An Alternative to BCP

2020-03-10 2 Comments

Dave Mason - rstats

BCP and OPENROWSET are long-lived SQL Server options for working with data in external files. I've blogged about OPENROWSET, including a recent article showing a way to deal with quoted data. One of the shortcomings I've never been able to overcome is an inconsistent data file with data fields in some rows enclosed in double quotes, but not all. I've never found a way around this limitation.

Let's demonstrate with BCP. Below is a sample data file I'll attempt to load into a SQL Server table. Note the data fields highlighted in yellow, which are enclosed in double quotes and contain the field terminator , (comma) character. For reference, the file is also available on Github.

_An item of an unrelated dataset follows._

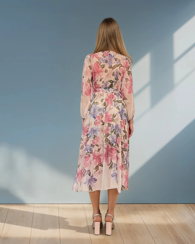 Decolteul parte peste parte oferă un aspect sofisticat și evidențiază armonios bustul, iar materialul din voal adaugă lejeritate și confort. Mânecele lungi și croiala vaporoasă transformă această rochie într-o alegere ideală pentru evenimente speciale sau ieșiri elegante.

name,phone,DOB,email,SSN,job,company
Stanley Lind,5819626239,2013-07-16,denhj@q.ila,241-63-2894,Chartered loss adjuster,"Mante, Mante and Mante"
Hale Bins,3212496148,1903-02-25,piuylnbstd@gxqshjlek.zfk,206-93-3199,Sports development officer,"Borer, Borer and Borer"
Mikaela O'Keefe,5245629478,1927-09-01,hcpykwmbli@o.qfn,159-33-2513,Museum/gallery conservator,"Jacobs, Jacobs and Jacobs"
Renaldo Kub,3175312457,1918-12-10,ualhdze@xktdvileb.pla,696-91-1436,Comptroller,Jacobs-Jacobs
Keagan Hackett,1374574537,1992-12-01,wicybnlpkr@pgnmy.myq,803-23-7144,Private music teacher,Quitzon LLC
Kiana Cronin m.d.,3297585362,2017-01-24,ctrwj@cpmwtrus.jnx,133-84-8085,Fisheries officer,Witting Ltd
Harlow Durgan,9239627469,1918-04-13,qzfgcrkhno@qijz.que,858-94-5148,"Nurse, mental health",Wilkinson PLC
Sheila Donnelly-Blanda,4657648749,2005-07-19,spmzor@kl.uej,737-58-1638,"Therapist, occupational",Barrows PLC
Mr Colin Turcotte,5634176974,1952-01-18,ksagn@csyarmhd.aev,946-84-5702,Maintenance engineer,Kub-Kub
Lesta Krajcik,6244527243,1921-04-20,b@wmjisa.jec,432-99-2126,Nutritional therapist,White-White

Here is the bcp command:

TITLE "%~n0"
ECHO OFF
COLOR 0E
CLS

bcp tempdb.guest.ImaginaryPeople in "C:\Output\ImaginaryPeople.csv" -S .\SQL2017 -T -c -t, -r "\n" -F 2

pause

And here are the results when we query the newly loaded table. BCP still includes the double quotes as we see on the first three rows, although the , (comma) character is intact and in the right place within the column/field data. However, lines 7 and 8 are wrong. The "job" data is split across two columns/fields. And there's a field terminator , (comma) character now within the "company".

Dave Mason - BCP


An Alternative

Now let's look at an alternative to BCP. Using SQL Server Machine Learning services, we can harness all of the flexibility the R language has to offer (or Python or Java, depending on which version of SQL Server you are using). The code below truncates the table and executes sp_execute_external_script, invoking the R function read.csv().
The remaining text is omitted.